Public data have never been so accessible. Example: Fragile-success.rpa.org, open-street Map,…
These big data require many different operations before being usable for analysis. Then, they require often parallel or high performance computing. Itzhak compared accessibility to jobs estimation based on 10^6 buildings using parallel computing with the one estimated from traffic zones. The results obtained are qualitatively different and justify the adoption of more detailed data and analysis.
Moreover, accessibility has a shining futur, made of more flexibility and adaptation, in order to handle uncertainty: “Smart public transport must be adaptive!” says Itzhak BENENSON.

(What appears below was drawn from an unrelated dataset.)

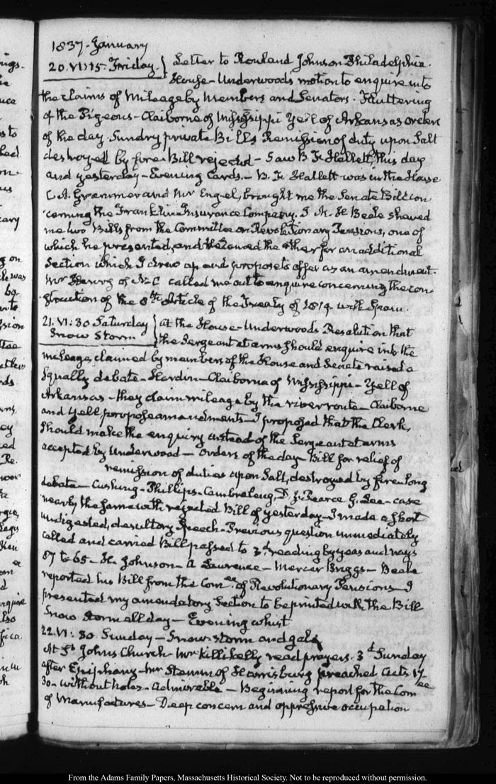 View full, authoritative transcriptions with page images of the diaries at John Quincy Adams Digital Diary part of the Primary Source Cooperative at the MHS.

Parking is a relevant issue in such perspective: up to 30% of traffic in city is cruising for parking, which is highly uncertain. Adaptive parking price: parking is inherently heterogeneous in space, as is readiness to pay. Agent-based modeling, fed with detailed data, help us investigating these difficult issues.
Park-Agent is a data-driven ABM that uses and independant variable as a validation milestone: distribution of park car distance to destination. In collaboration with a private company, they created the parknav.com application. Then, the key problem of information sharing has to be felt with as, being informed, people adapt their behavior.
As a third example, Itzhak BENENSON addressed the question of pedestrian modeling and crowd simulation. The ABM model developed integrates very detailed motion, collision avoidance and decision making algorithms and is able to explore cars/pedestrians interactions in urban environments.
Smart city demands is pushing us towards new generation of models that:
- work at the resolution of objects and are spatially explicit ;
- are built as a bunch of application rather than one model for all ;
- exploit new database tools – implement new algorithms (parallel computing, cloud, HPC,…) ;
- are competitive and properly marketed (web-based, serious games).
All this will work on the solid basis of:
- Big data collection and analysis ;
- Field and lab experiments ;
- Calibration and validation ;
- Complex systems theory.
Smart city turns urban modeling into an industry! The question is: are we ready for this?